The 3d Antiaircraft Artillery Battalion (Composite) (3d AAA Bn (Composite)) was an antiaircraft unit in the United States Marine Corps that served during World War II. The battalion was originally formed in 1943 as the 52d Defense Battalion, one of the first African American units in the Marine Corps. Its original mission was to provide air and coastal defense for advanced naval bases. During the war the battalion served as garrison forces on Roi-Namur, Majuro, and Guam. The battalion returned to Marine Corps Base Camp Lejeune, North Carolina after the war. It was the last of the defense battalions before it was re-designated as the 3d Antiaircraft Artillery Battalion in May 1946. The battalion was decommissioned on May 15, 1947.

==History==
===Organization===
The 52d Defense Battalion was commissioned on December 15, 1943 at the Montford Point Camp near Marine Corps Base Camp Lejeune, North Carolina. It was the last defense battalion commissioned in the Marine Corps. The first 400 men in the battalion came from the 51st Defense Battalion that had been training at Montford Point since August 1942. The technical and leadership experience these men brought with them meant that the 52d did not experience as many of the early growing pains that the 51st did. In February 1944 the battalion moved to the old Civilian Conservation Corps barracks at Camp Knox which was adjacent to Montford Point. While there, they also incorporated the men of the recently decommissioned 7th Separate Pack Howitzer Battery which provided another boost of experienced personnel.

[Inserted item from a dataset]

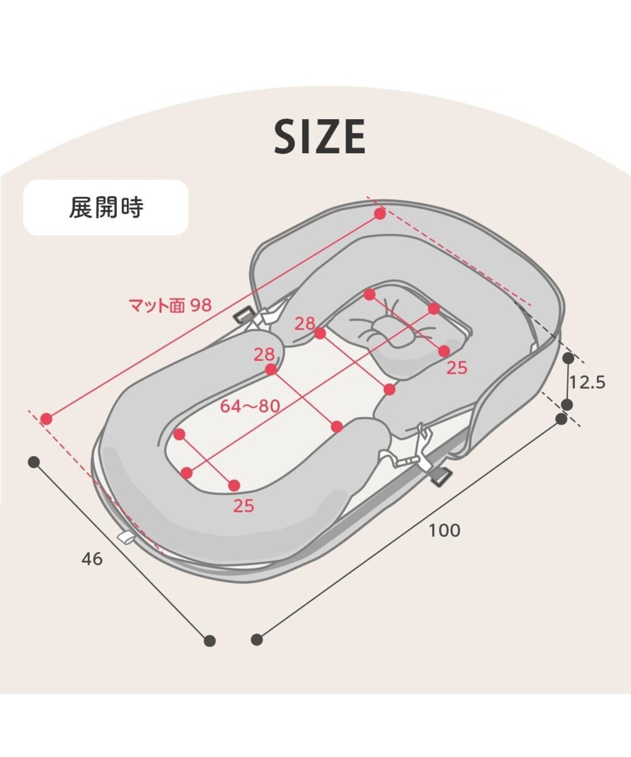 上下のクッションは赤ちゃんの成長に合わせて伸縮可能で、新生児から6ヶ月頃まで対応します。

During the first half of 1944 the battalion honed its craft at Onslow Beach. Along with all of the other defense battalions in the Marine Corps, the 52d's coastal artillery was removed in order to form additional heavy artillery units for the Fleet Marine Force. The 52d Defense Battalion, along with the 6th and 51st were the only units to retain the moniker of Defense Battalion. All of the others were re-designated Antiaircraft Artillery Battalions.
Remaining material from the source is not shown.